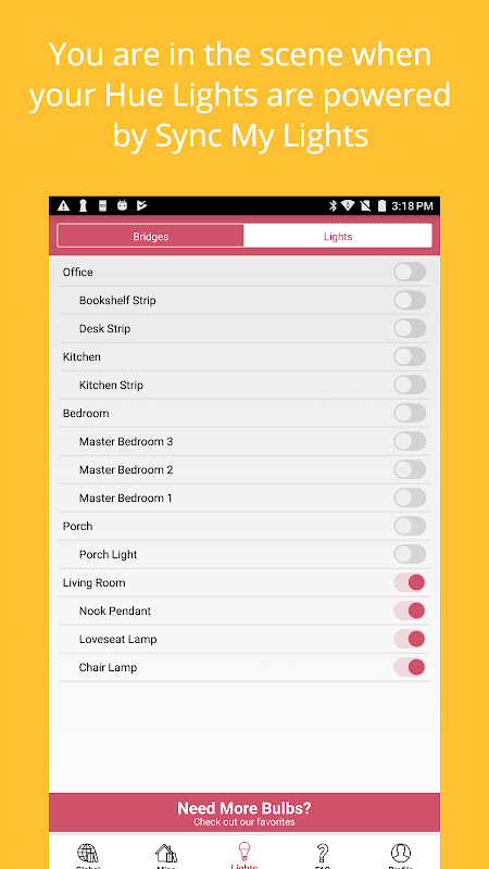 당신은 자동으로 구독을 취소 할 때까지 상점마다 365일에서 Google Play를 통해 $ 1.99를 청구합니다. 자동 갱신이 현재 기간이 끝나기 전에 적어도 24 시간을 해제하지 않으면 가입이 자동으로 갱신합니다. 구독 관리 할 수 있으며, 자동 갱신은 구입 후 계정 설정으로 이동하여 해제 할 수있다. 현재 구독을 취소 활성 가입 기간 동안 허용되지 않습니다. 추가 정보는 http://www.syncmylights.com/terms-of-use를 방문하여 확인할 수 있습니다.
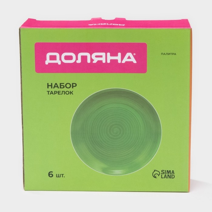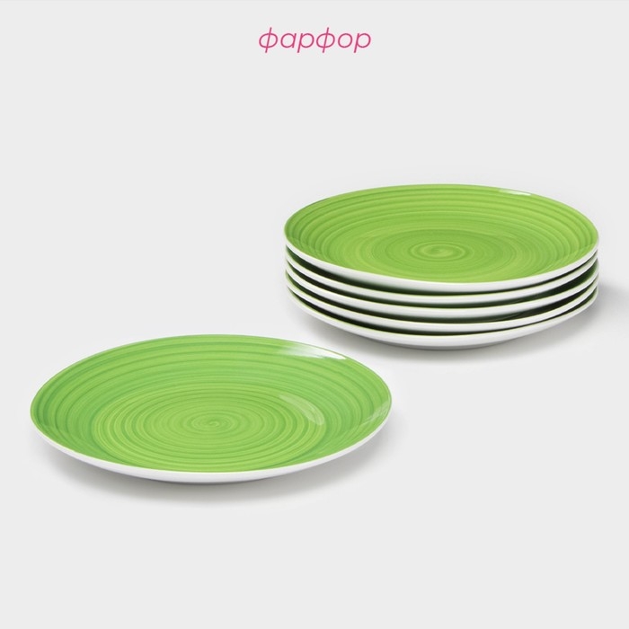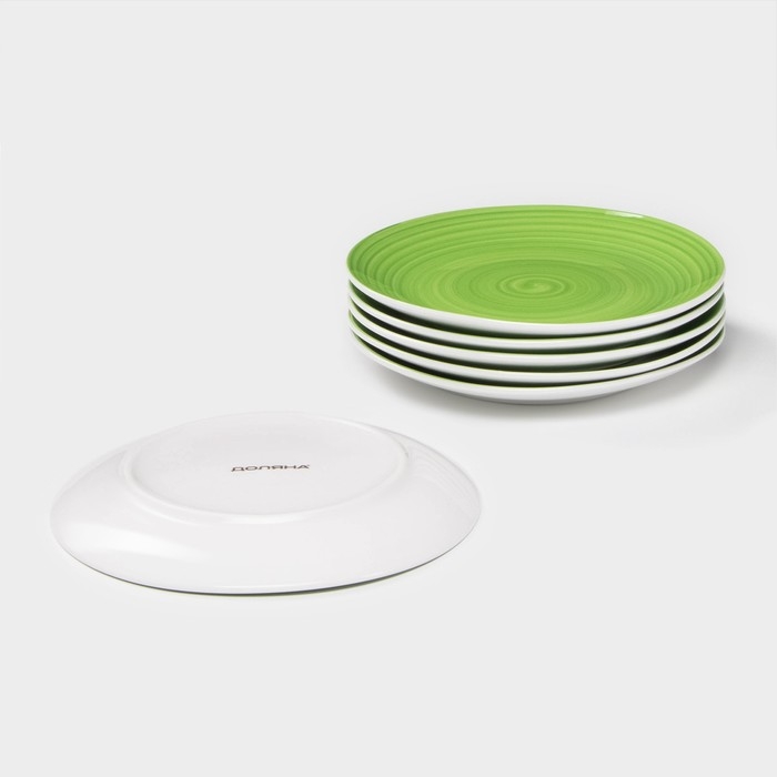 Набор фарфоровых тарелок Доляна «Палитра», 6 предметов: d=19 см, цвет зелёный
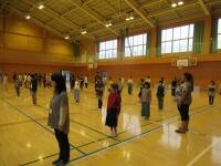 体育館に集合し、はじめの会を行ったら、まず班ごとの集合写真を撮りました。
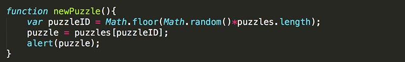 5. Add puzzle as a global variable to store the randomly selected puzzle, and modify newPuzzle() to set its value. Add in the alert to ensure that the value of puzzle is being set correctly.
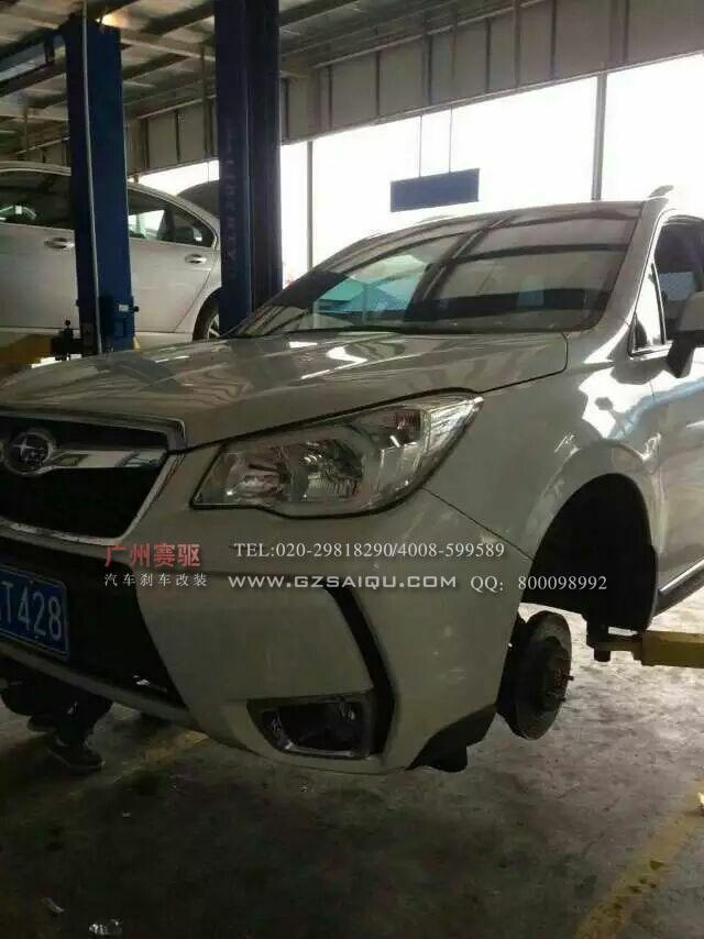 斯巴魯森林人剎車升級英國AP5200大四活塞剎車套裝安裝圖片
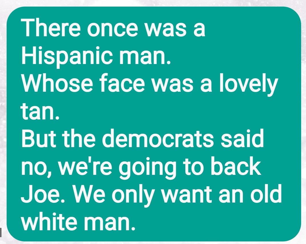 My 9 month old twins simultaneously queried us, in Shakespearean pentameter, if Julian Castro's dropping out of the race means that our society is hopelessly racist and white supremacist... Alas, we were at a loss for words, couldn't answer, and sat silently in the dark...
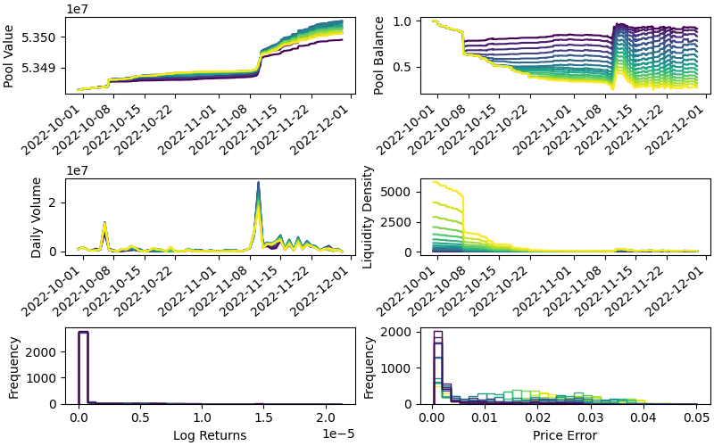 This seems reasonable. With 2 bps fee, returns are maximized with that A value. There’s some pool imbalance risk, but it’s not too far outside the goal range (i.e., we might expect up to ~8 percentage point deviation from the optimal 25/25/25/25% balance).
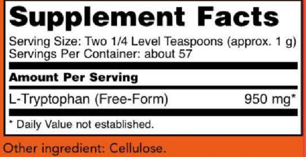 L-Tryptophan is an essential amino acid; therefore, it is not synthesized by the body and must be obtained from the diet. L-Tryptophan is critical for the production of serotonin and melatonin, which help to support a positive mood, healthy sleep patterns, and proper immune system function.* Every lot of NOW® L-Tryptophan is tested to be free of Peak E and microbial contamination.
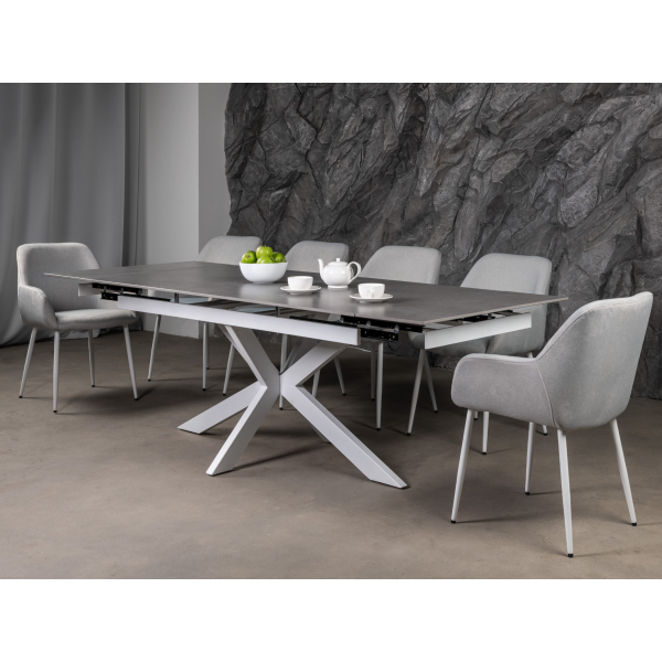 Керамічний стіл Тіціано TML-1150 делікато грей + білий – це поєднання вишуканого дизайну та практичності. Його прямокутна форма гармонійно виглядає у сучасних інтер’єрах, а розкладний механізм із боковим розширенням дозволяє збільшувати довжину стільниці з 170 до 220 см, забезпечуючи комфорт для великих компаній.
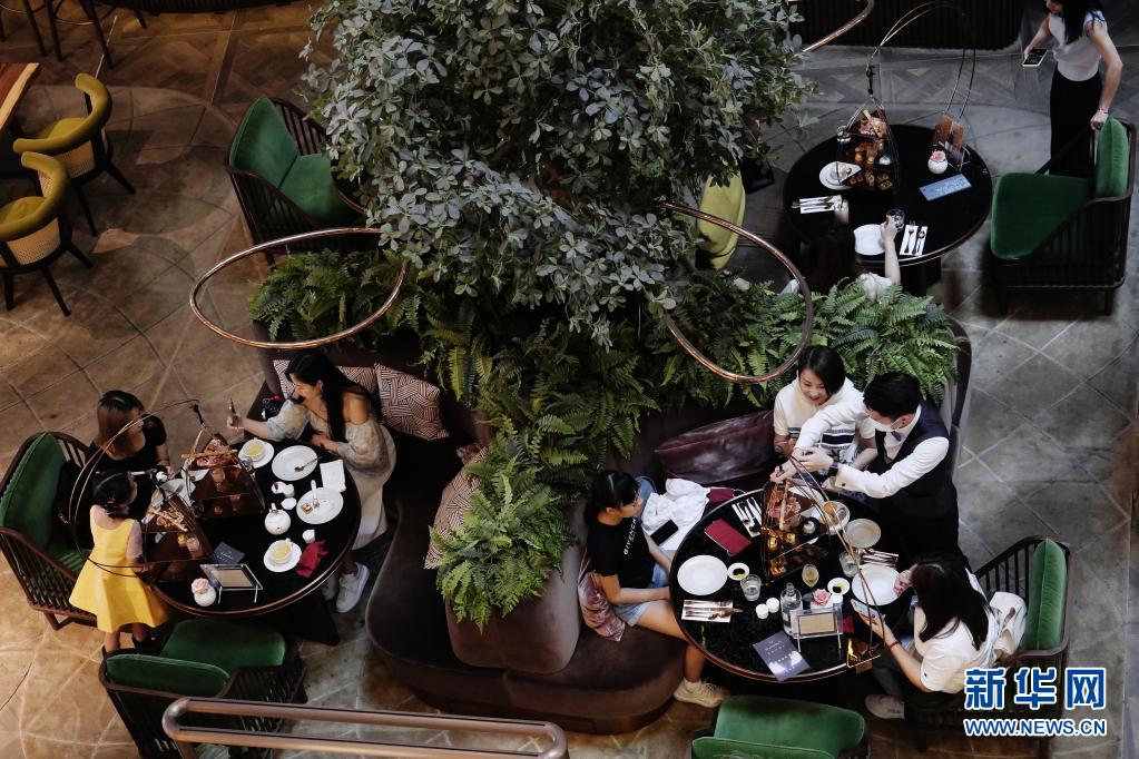 7月7日,市民在香港尖沙咀一家商場的咖啡廳享受休閒生活。(新華社記者 王申 攝)
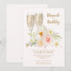 Convites elegantes para chá de noiva com café da manhã e champagne em rosa pálido apresentam duas taças de champagne e lindas flores de jardim com seus detalhes em letras elegantes. ITENS CORRESPONDENTES em nossa coleção.
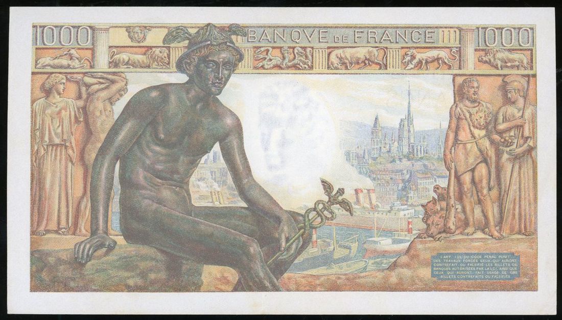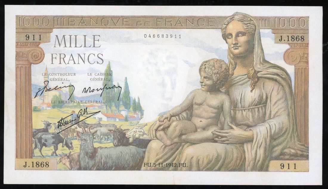 Banque de France, 1000 francs, 1942, serial number J.1868 911, 'Déesse Déméter',
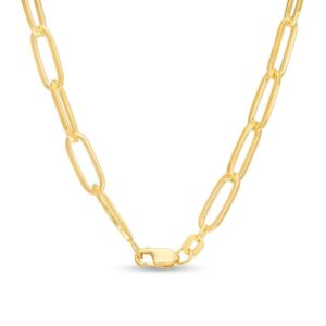 - This 18.25-inch paperclip chain necklace secures with a lobster claw clasp.
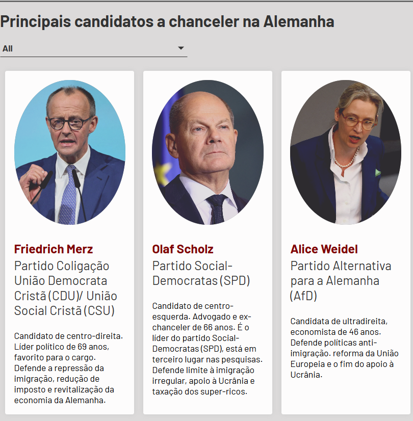 Neste domingo, 23 de fevereiro, os eleitores alemães vão às urnas para participar das eleições antecipadas do parlamento da Alemanha, o Bundestag. A votação ocorre após a coalizão governamental do país ter entrado em colapso devido a divergências sobre a economia, o que culminou em um voto de desconfiança em novembro de 2024.
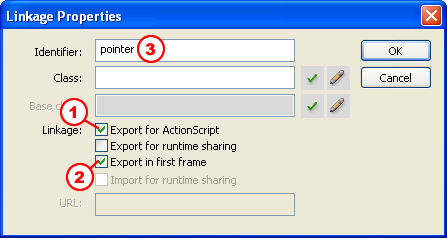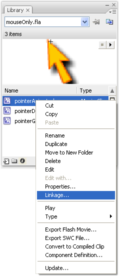 Find the MovieClip in the Library (CTRL+L is your keyboard shortcut to show/hide the Library). Right-Click on the symbol, and choose Linkage:
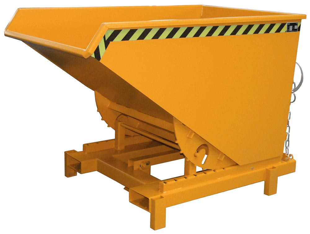 Schwerlastkipper, automatische Entriegelung, LxBxH 1310x805x970 mm, Volumen 0,3 cbm, Traglast 4000 kg, RAL 2000 gelborange E817030
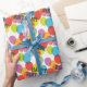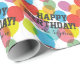 Schlagen Sie diese Geburtstagsgeschenke in einem individuellen Geschenkpapier mit einem Muster aus hellen, regenbogenfarbenen, Geburtstagsballons und leicht zu personalisierenden Geburtstagsgrüßen und individuelle Name-Texten.
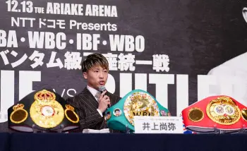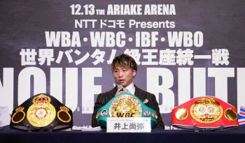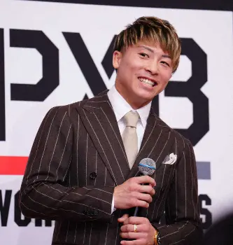 笑顔で取材を受ける井上尚弥(撮影・島崎忠彦)
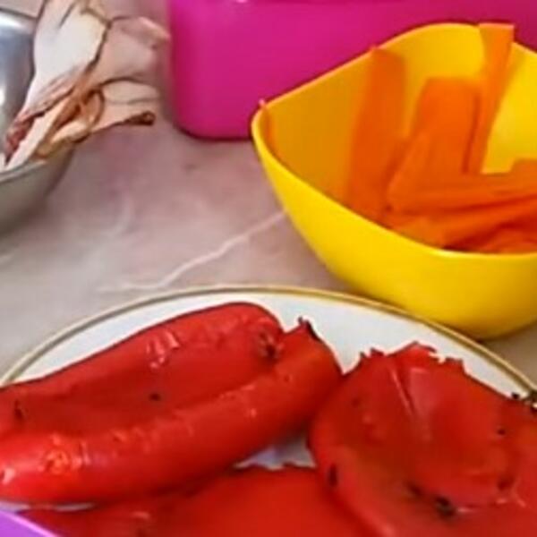 100 gr blitve 2 tikvice 1 kašika brašna 1 kašika prezli 100 gr listića kačkavalja 200 gr pavlake 100 ml. mleka 3 jaja 3 pečene paprike 2 šargarepe tanki listići 100 gr pancerote, suve slanine, so, začin…
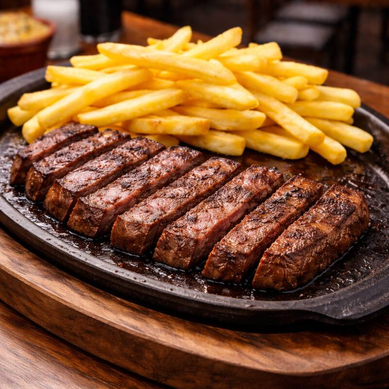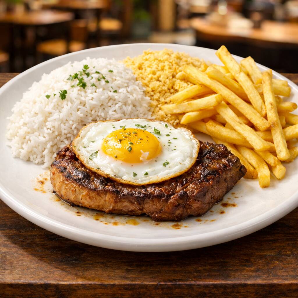 500g de Contra filé - Arroz biro-biro, Batata Frita, Farofa, Vinagrete e Banana Frita.
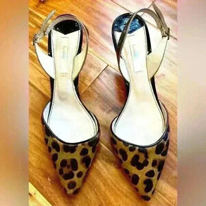 Very nice gently used condition. Very clean inside and out. Leopard print calf hair with 3” black patent heels, silver or pewter patent sling back.
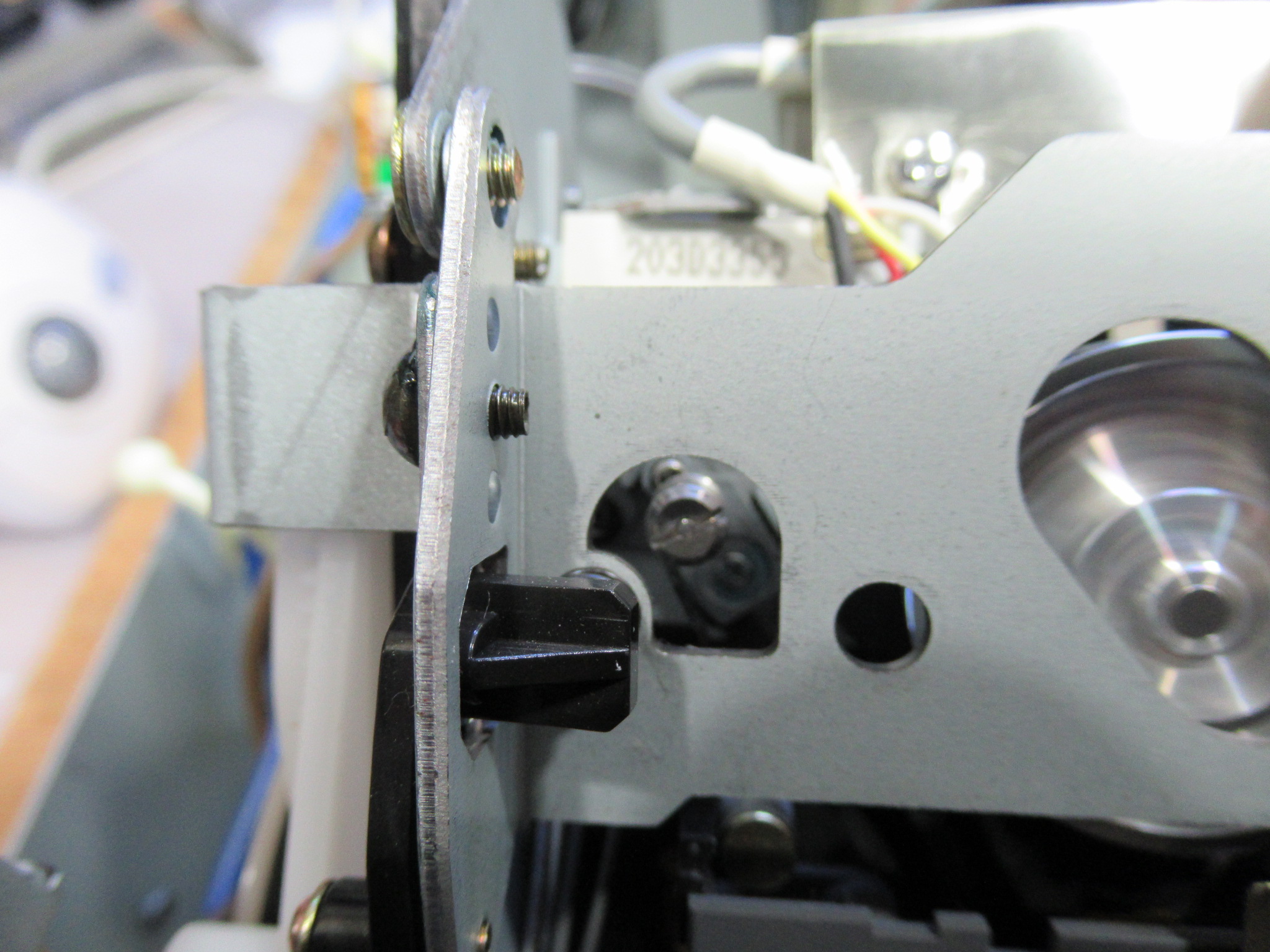 ヘッド左側のテープガイドの高さを調整し、ノイズを解消することができました。

——

» What to produce
Please give again, exactly and only, the lines from the top of the listing above through the line that has "体育館に集合し、はじめの会を行ったら、まず班ごとの集合写真を撮りました。", with pictures left out.

» Written solution
 당신은 자동으로 구독을 취소 할 때까지 상점마다 365일에서 Google Play를 통해 $ 1.99를 청구합니다. 자동 갱신이 현재 기간이 끝나기 전에 적어도 24 시간을 해제하지 않으면 가입이 자동으로 갱신합니다. 구독 관리 할 수 있으며, 자동 갱신은 구입 후 계정 설정으로 이동하여 해제 할 수있다. 현재 구독을 취소 활성 가입 기간 동안 허용되지 않습니다. 추가 정보는 http://www.syncmylights.com/terms-of-use를 방문하여 확인할 수 있습니다.
 Набор фарфоровых тарелок Доляна «Палитра», 6 предметов: d=19 см, цвет зелёный
 体育館に集合し、はじめの会を行ったら、まず班ごとの集合写真を撮りました。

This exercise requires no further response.